Il n’y a quasiment rien de ce que j’ai vécu qui se retrouve dans mes livres. Bien sûr, je me suis mise plus d’une fois en situation de me projeter dans la peau des personnages, en m’imaginant que cela aurait pu être moi. Actuellement, je suis en train d’écrire un livre où le personnage central est ma grand-mère. C’est la première fois que je fais apparaître dans mes romans quelqu’un qui m’est très proche, qui a vraiment existé.
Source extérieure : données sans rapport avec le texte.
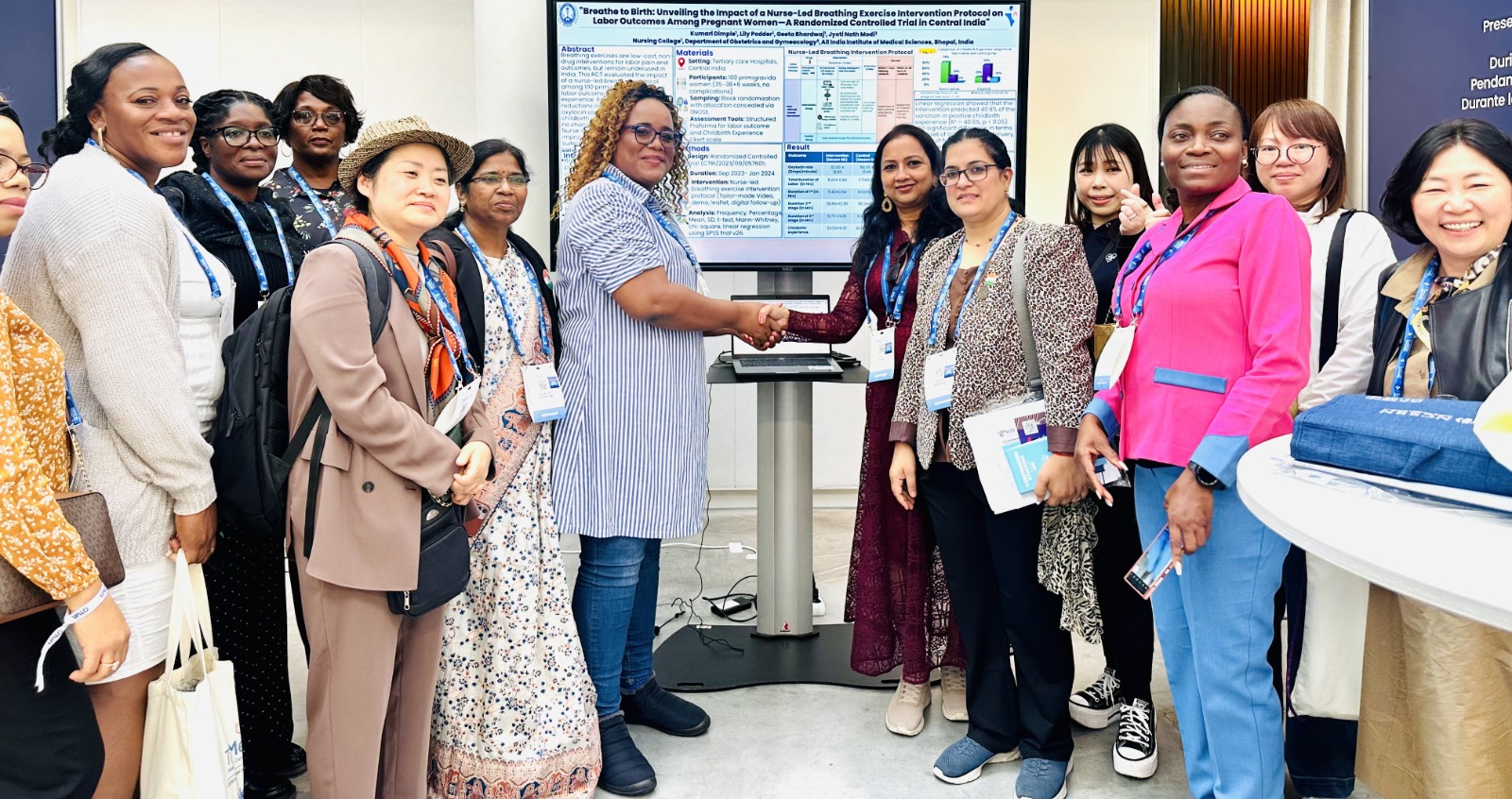 डॉ. लिली पोद्दार ने इस मंच पर एक वैज्ञानिक ई-पोस्टर प्रस्तुत किया, जिसका शीर्षक था – “ब्रीद टू बर्थ: अनवीलिंग द इम्पैक्ट ऑफ़ अ नर्स-लेड ब्रीदिंग एक्सरसाइज़ इंटरवेंशन प्रोटोकॉल ऑन लेबर आउटकम्स अमंग प्रेग्नेंट वीमेन- अ रैंडमाइज़्ड कंट्रोल्ड ट्रायल इन सेंट्रल इंडिया”। यह शोध एम.एससी. नर्सिंग की छात्रा कुमारी डिंपल (बैच 2022) के शोध प्रबंध पर आधारित था। इस अध्ययन में मध्य भारत के तृतीयक स्वास्थ्य संस्थानों में पहली बार गर्भवती होने वाली महिलाओं पर नर्सों द्वारा सिखाए गए एक विशेष श्वसन व्यायाम (सांस लेने की तकनीक) का प्रसव प्रक्रिया पर प्रभाव जांचा गया। शोध में यह पाया गया कि इस अभ्यास को अपनाने वाली महिलाओं को प्रसव के दौरान दवाओं की आवश्यकता कम पड़ी, प्रसव की अवधि घटी और उनका संपूर्ण अनुभव अधिक सहज और संतोषजनक रहा। इस शोध से यह सिद्ध हुआ कि नर्सों के नेतृत्व में कराए गए श्वसन अभ्यास कम लागत में, सरलता से लागू की जा सकने वाली प्रभावशाली रणनीति है, जो खासकर संसाधनों की कमी वाले क्षेत्रों में मातृ स्वास्थ्य को बेहतर बना सकती है। डॉ. लिली पोद्दार की इस प्रस्तुति को अंतरराष्ट्रीय प्रतिनिधियों द्वारा अत्यधिक सराहना मिली, जो मातृत्व देखभाल में नर्स-प्रेरित नवाचारों की वैश्विक स्वीकार्यता को दर्शाता है।।

Le personnage m’est familier, il s’agit de l’enfance de ma grand-mère évacuée en train à Paris avec des milliers d’enfants durant la Guerre 14 – 18. Personne ne peut plus me raconter cette aventure, mais je peux très bien me l’imaginer sans rien inventer, en restant simplement d’une grande logique et d’une grande pudeur. Là je ne suis pas dans la fiction, car pour moi la définition de la fiction c’est précisément lorsqu’on invente des conversations, des émotions. Le grand avantage en tant qu’artiste, c’est de pouvoir montrer par la plume les opinions très contradictoires qui existent dans la tête de chacun d’entre nous. La littérature ne demande pas la cohérence des personnages, bien sûr que l’histoire doit être cohérente, mais les personnages peuvent être comme nous tous, parés de leurs contradictions. C’est là sa force.
Donc ton prochain roman parlera de ta grand-mère ?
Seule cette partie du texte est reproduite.